• **Exercise data**
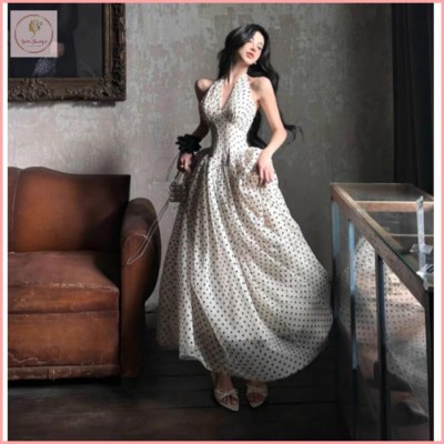 HB6431 Women's temperament long skirt spring and summer waist high-end niche design halter neck V-neck polka dot dress
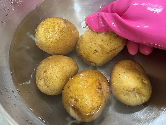 감자는 겉면을 문질러서 흙과 먼지 등을 제거합니다. 깨끗하게 씻은 감자는 껍질째 쪄서 먹어도 맛있습니다.
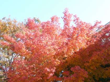 大宮校は、樹木が豊かにあります。降り注ぐような落ち葉の後始末は大変ですが、青空に美しく映える紅葉は、見ていて飽きません。きれいだなあと思わずつぶやいてしまいます。これから冬に向かっていくけれど、美しい紅葉が一日でも長く楽しめますように。
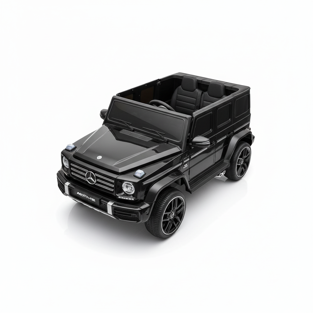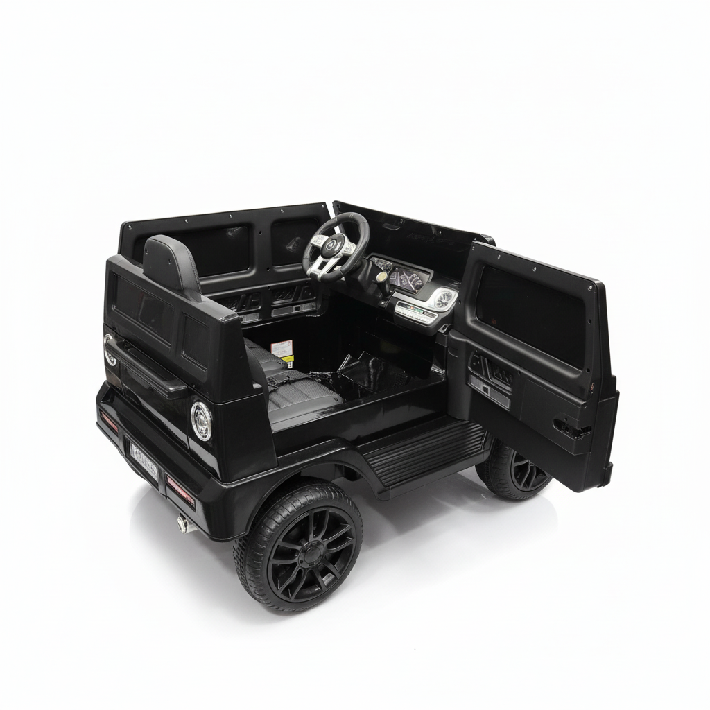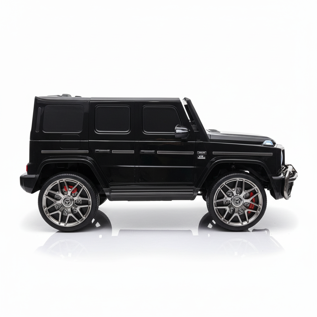 De 2-persoons Mercedes G63 AMG 24 volt kinderauto! De 2-persoons G63 is de grote broer van de 1-persoons variant! Dit model kinderauto beschikt over extra mooie en felle Led-verlichting. Daarnaast beschikt de Mercedes G63 kinderauto over 2 zitplaatsen met aparte gordels! De gespoten zwarte metallic lak maakt dit kindervoertuig één van de mooiste kinderauto's!
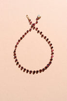 Ses briolettes taillées en gouttes lisses se déclinent dans des nuances prune veloutées, oscillant entre rouge profond et reflets violacés.
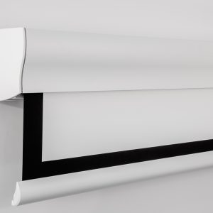 Motorleinwand mit elegantem, harmonischem Design, Wave wird Teil der Möbel. Die Form des Kastens erleichtert die Montage an Wänden und Ecken. Die Oberseite dient als Ablage für das Audiogerät und die Rückseite ist mit einer Rille versehen, in der sich die Kabel verbergen.
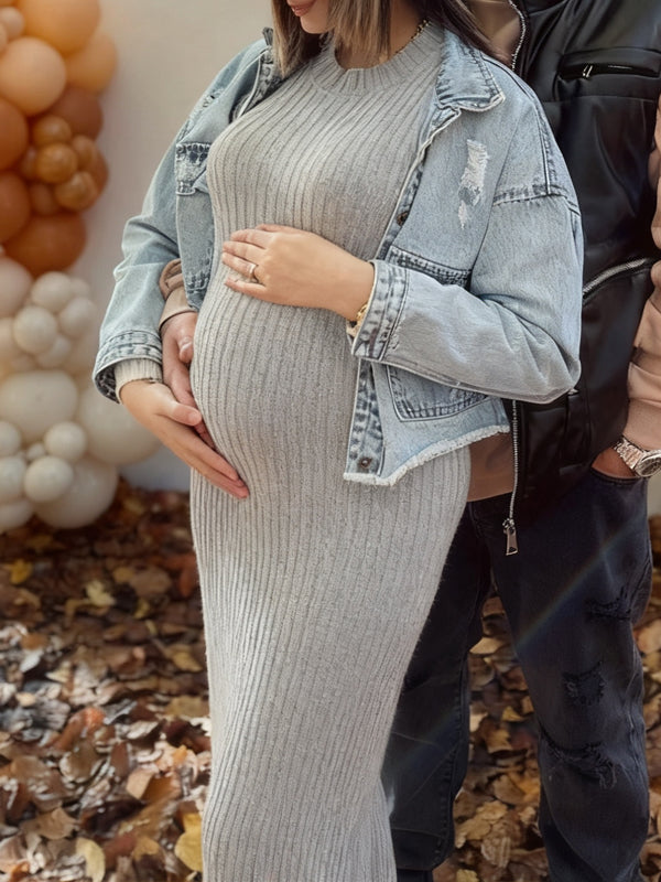 Momyknows Grey Striped Crochet Maternity Baby Shower Sweater Maxi Dress
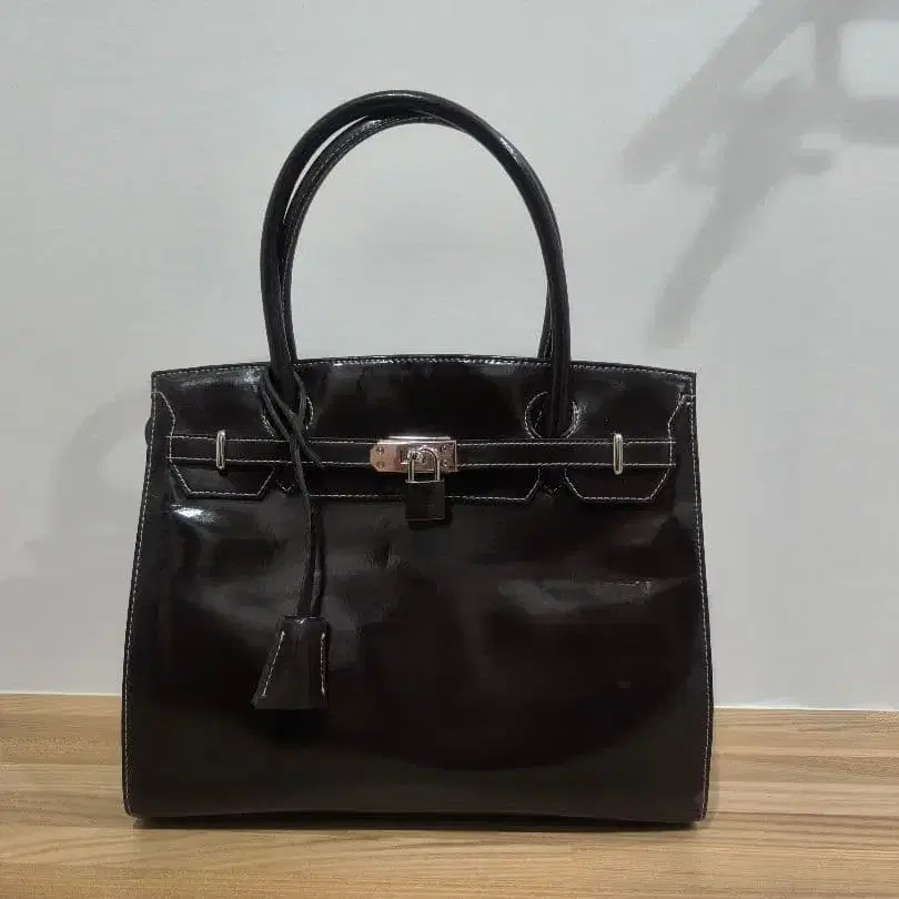 하마노 핸드백 에나멜 다크 브라운 황제 어용
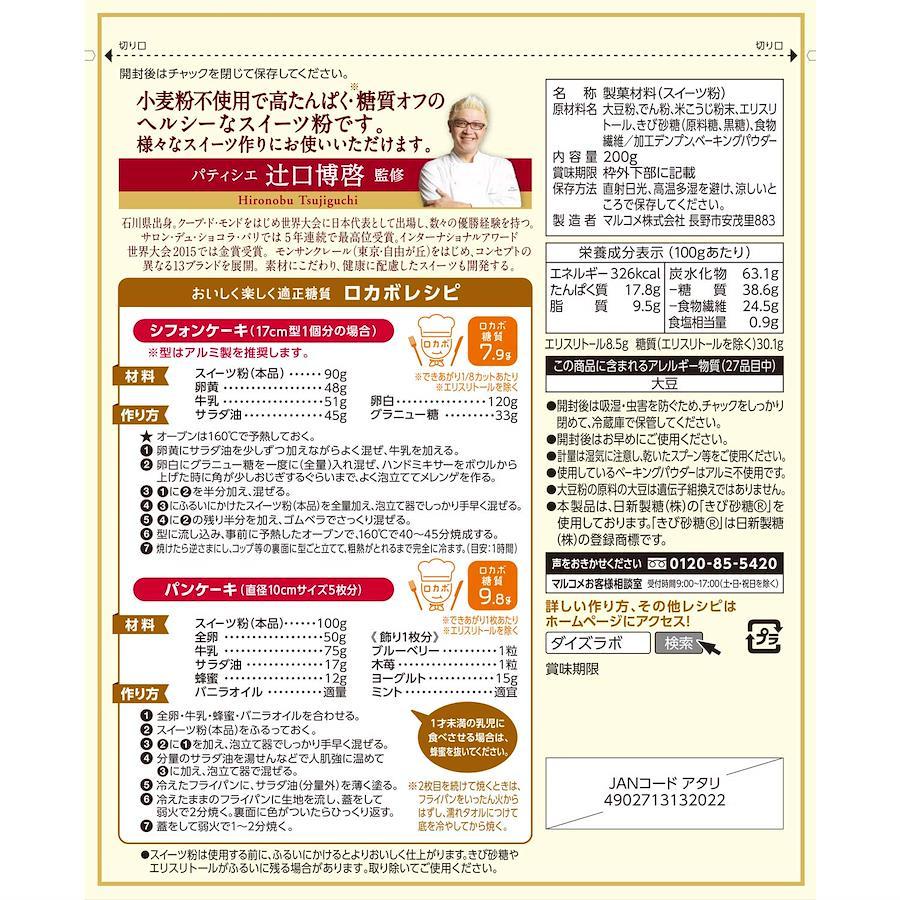 【内容量】200g×12個【原材料】大豆粉、でん粉、米こうじ粉末、エリスリトール、きび砂糖(原料糖、黒糖)、食物繊維/加工デンプン、ベーキングパウダー【商品特徴】人気パティシエ辻口博啓氏監修のスイーツ粉を既存品より糖質を約50%カット(※)してリニューアル。【糖質カット】大豆粉を主原料とし、食物繊維や加工デンプンなどを使用して糖質をおさえつつ、カロリーゼロの糖アルコールであるエリスリトールを使用することで、甘味もあっておいしいスイーツができる配合に仕上げました。【上品な甘み】米糀粉末ときび砂糖Rによりしっとりとまろやかで上品な甘みを楽しめます。さまざまなスイーツに幅広く使え、間食のロカボ基準を満たす低糖質スイーツをつくることができます。【重要】メーカーによる商品リニューアルに伴いパッケージ(内容量も含む)変更が行われた場合、新パッケージでお届け致します事ご了承願います。
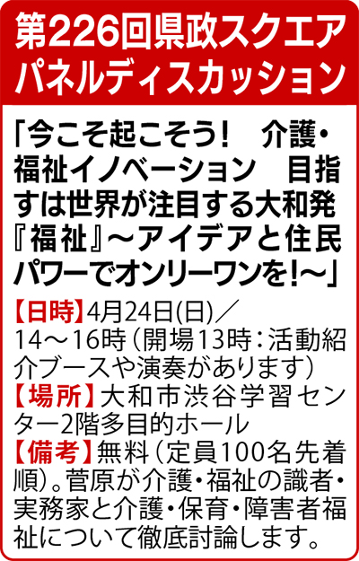 今回は、政策の3本柱である「介護・福祉」、「行財政改革・議会改革」及び「安全」について菅原直敏の活動の成果等についてご報告します。
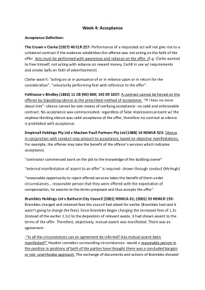 These LLB1120 notes are very detailed explanations of the law of contract- it focuses on each relevant case, providing numerous important points. The notes cover all the LLB 1120 course content to a High Distinction level. I used these perfectly summarised, refined and double-checked notes to achieve a High Distinction (85) in the LLB 1120 final exam- achieving an overall course mark of 82. This exam result placed me in the top 2-3% of all LLB students. These notes offer case, legislation and international instrument citations in an easy-to-understand format. This includes lists, diagrams and headings. Topics covered include: * Offer * Revocation, rejection, lapse of Offer * Acceptance of offer, including communication of acceptance * Consideration * Intention to create legal relations * Certainty, completeness and illusory promises * Formalities and part performance * Capacity * Privity * Alternative remedies, including part performance, constructive trusts, estoppel, unconscionable conduct, restitution, quantum meruit
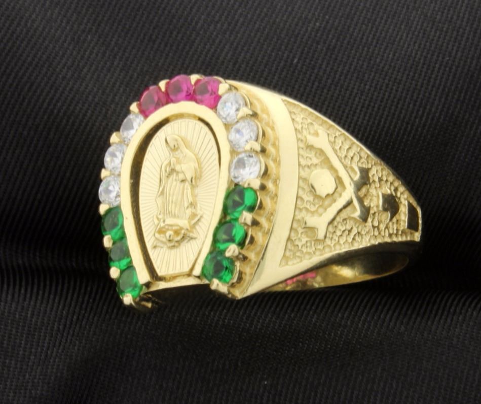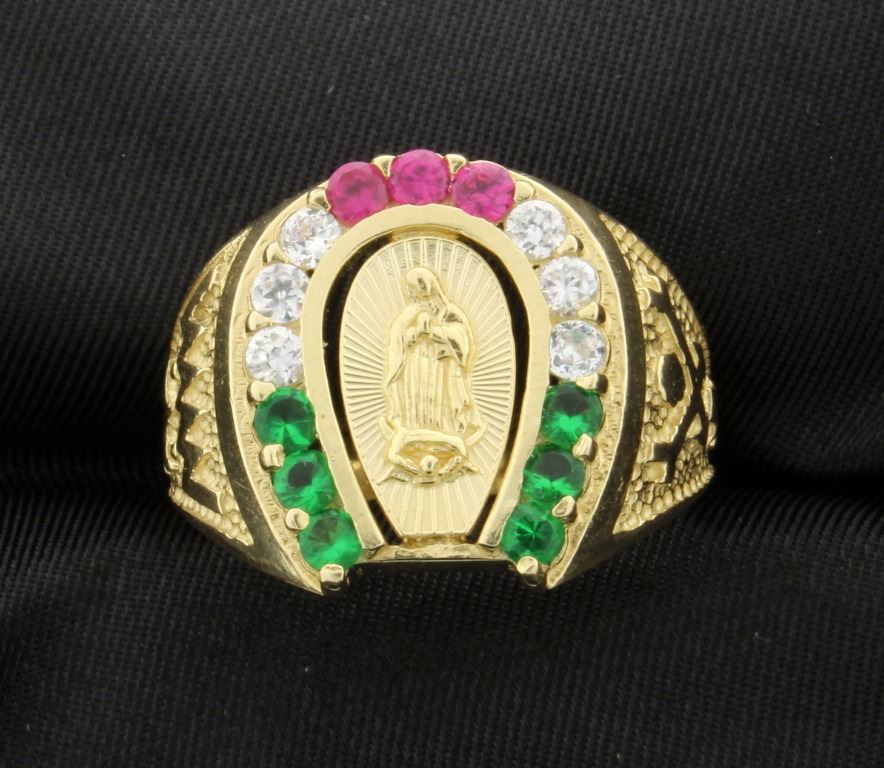 14k "Our Lady" ring with synthetic ruby, emeralds, and CZ white stones. Size 10 1/2. 7.4gr.

• **Task instructions**
The lines wanted are those from the start of the material above through the line with "하마노 핸드백 에나멜 다크 브라운 황제 어용", both included; print them exactly and skip any picture.

• **Task result**
 HB6431 Women's temperament long skirt spring and summer waist high-end niche design halter neck V-neck polka dot dress
 감자는 겉면을 문질러서 흙과 먼지 등을 제거합니다. 깨끗하게 씻은 감자는 껍질째 쪄서 먹어도 맛있습니다.
 大宮校は、樹木が豊かにあります。降り注ぐような落ち葉の後始末は大変ですが、青空に美しく映える紅葉は、見ていて飽きません。きれいだなあと思わずつぶやいてしまいます。これから冬に向かっていくけれど、美しい紅葉が一日でも長く楽しめますように。
 De 2-persoons Mercedes G63 AMG 24 volt kinderauto! De 2-persoons G63 is de grote broer van de 1-persoons variant! Dit model kinderauto beschikt over extra mooie en felle Led-verlichting. Daarnaast beschikt de Mercedes G63 kinderauto over 2 zitplaatsen met aparte gordels! De gespoten zwarte metallic lak maakt dit kindervoertuig één van de mooiste kinderauto's!
 Ses briolettes taillées en gouttes lisses se déclinent dans des nuances prune veloutées, oscillant entre rouge profond et reflets violacés.
 Motorleinwand mit elegantem, harmonischem Design, Wave wird Teil der Möbel. Die Form des Kastens erleichtert die Montage an Wänden und Ecken. Die Oberseite dient als Ablage für das Audiogerät und die Rückseite ist mit einer Rille versehen, in der sich die Kabel verbergen.
 Momyknows Grey Striped Crochet Maternity Baby Shower Sweater Maxi Dress
 하마노 핸드백 에나멜 다크 브라운 황제 어용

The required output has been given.